* Exercise goal: Return the listing below unchanged, except that the pictures are dropped.

[Exercise material Boundary: Start]

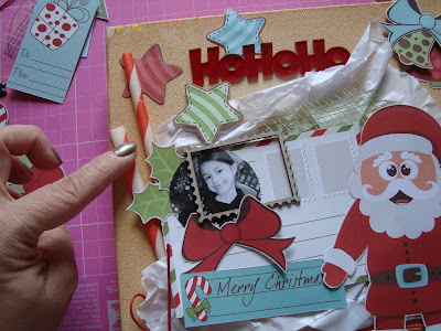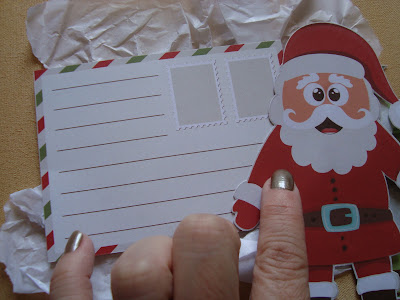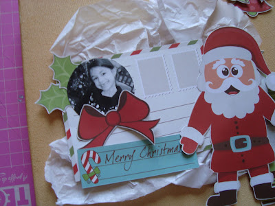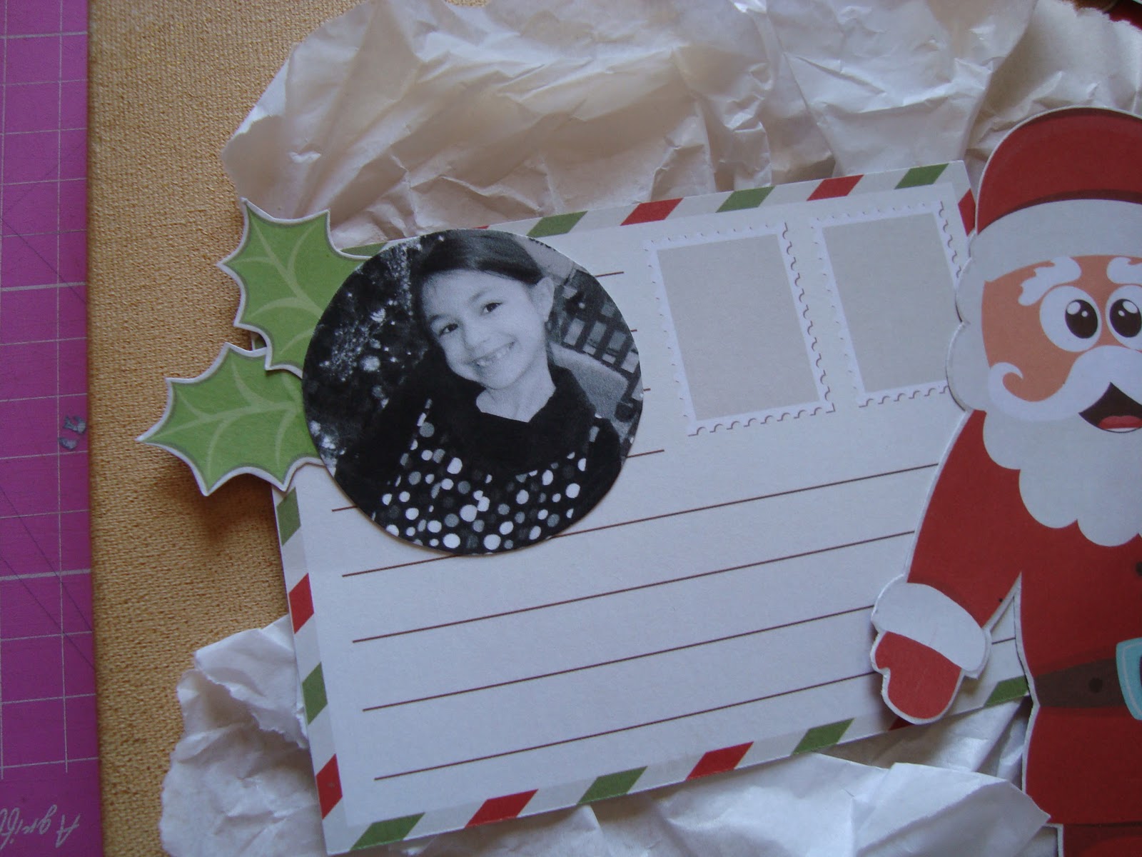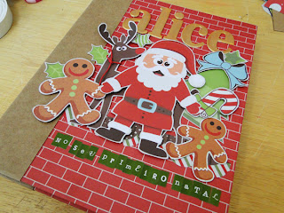 Por cima veio o a cartinha e o Noel, colados com fita banana para dar volume.
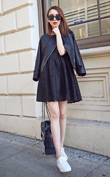 短款机车皮衣,斜拉链的设计,简洁干练,上身很帅气,搭配时髦的小黑裙,高腰打造黄金身材比例。
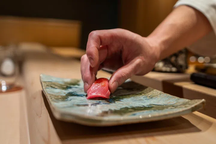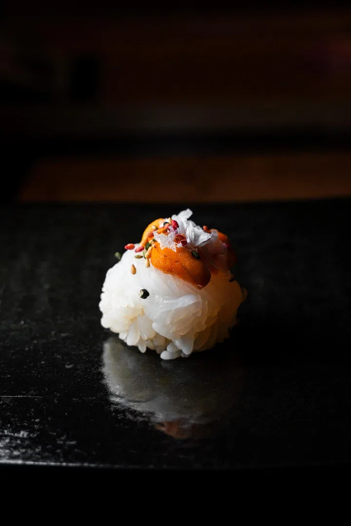 菜单随季节和渔获变化,鱼由日本每日直送,经盐渍、清洗、腌制等古法工序,以不同温度与盐度调整至最佳状态,使鲜味得以层层沉淀。同样的精致延续至米饭——寿司的灵魂。主厨严选 Hitomebore与Sasanishiki 两种米,混合红醋与白醋(比例根据季节而变)再以双盖陶锅慢火蒸煮,食让材达到最佳风味,展现极致匠心。
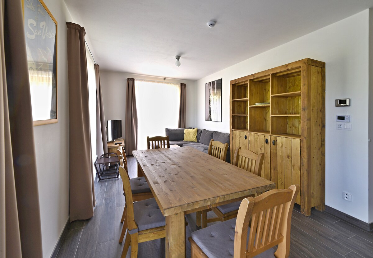 Luksusa kalnu apartamenti ar 3+kk (67,6 m2) ar terasi (31,1 m2) un garāžas stāvvietu atrodas Rezidences Jelení boudy pirmajā stāvā. Apartamenti ir paredzēti 4 līdz 6 personām. Jūs šeit atradīsiet divas guļamistabas, dzīvojamo istabu (ar izvelkamu dīvānu) ar virtuves un ēdamzonu, vannasistabu un tualeti. Pie mājas atrodas āra rotaļu laukums bērniem.
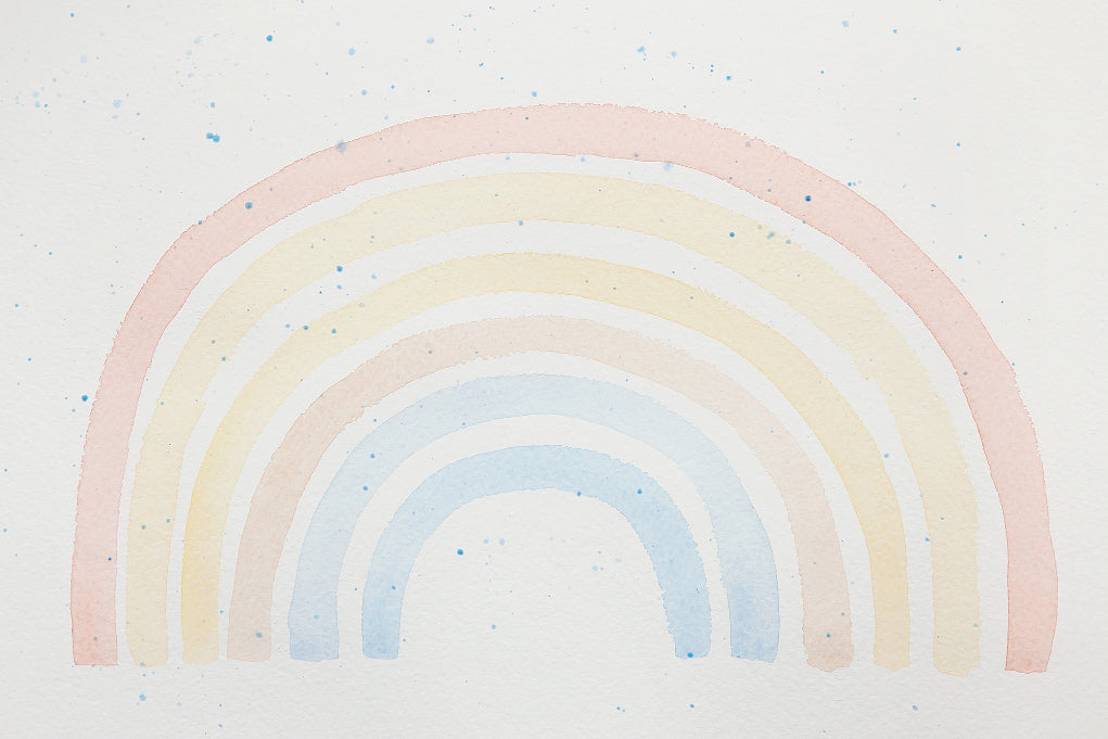 The watercolour rainbow light pastel colours mural wallpaper is a delightful symphony of soft pastel hues, each band of colour gently washed with the tender touch of watercolour. From blush pinks to serene blues and mellow yellow, this artwork brings a playful yet peaceful narrative to any playroom. The subtle splatter of deeper tones adds a whimsical charm, reminiscent of a gentle rain under a soft sky. This watercolour wallpaper is a perfect backdrop for fostering creativity and joy in a space dedicated to play and imagination. It's like a visual lullaby, promising adventures in dreamy landscapes, making it a lovely addition to spaces designed for the young and the young at heart.

[Exercise material Boundary: End]

* Answer section:
 Por cima veio o a cartinha e o Noel, colados com fita banana para dar volume.
 短款机车皮衣,斜拉链的设计,简洁干练,上身很帅气,搭配时髦的小黑裙,高腰打造黄金身材比例。
 菜单随季节和渔获变化,鱼由日本每日直送,经盐渍、清洗、腌制等古法工序,以不同温度与盐度调整至最佳状态,使鲜味得以层层沉淀。同样的精致延续至米饭——寿司的灵魂。主厨严选 Hitomebore与Sasanishiki 两种米,混合红醋与白醋(比例根据季节而变)再以双盖陶锅慢火蒸煮,食让材达到最佳风味,展现极致匠心。
 Luksusa kalnu apartamenti ar 3+kk (67,6 m2) ar terasi (31,1 m2) un garāžas stāvvietu atrodas Rezidences Jelení boudy pirmajā stāvā. Apartamenti ir paredzēti 4 līdz 6 personām. Jūs šeit atradīsiet divas guļamistabas, dzīvojamo istabu (ar izvelkamu dīvānu) ar virtuves un ēdamzonu, vannasistabu un tualeti. Pie mājas atrodas āra rotaļu laukums bērniem.
 The watercolour rainbow light pastel colours mural wallpaper is a delightful symphony of soft pastel hues, each band of colour gently washed with the tender touch of watercolour. From blush pinks to serene blues and mellow yellow, this artwork brings a playful yet peaceful narrative to any playroom. The subtle splatter of deeper tones adds a whimsical charm, reminiscent of a gentle rain under a soft sky. This watercolour wallpaper is a perfect backdrop for fostering creativity and joy in a space dedicated to play and imagination. It's like a visual lullaby, promising adventures in dreamy landscapes, making it a lovely addition to spaces designed for the young and the young at heart.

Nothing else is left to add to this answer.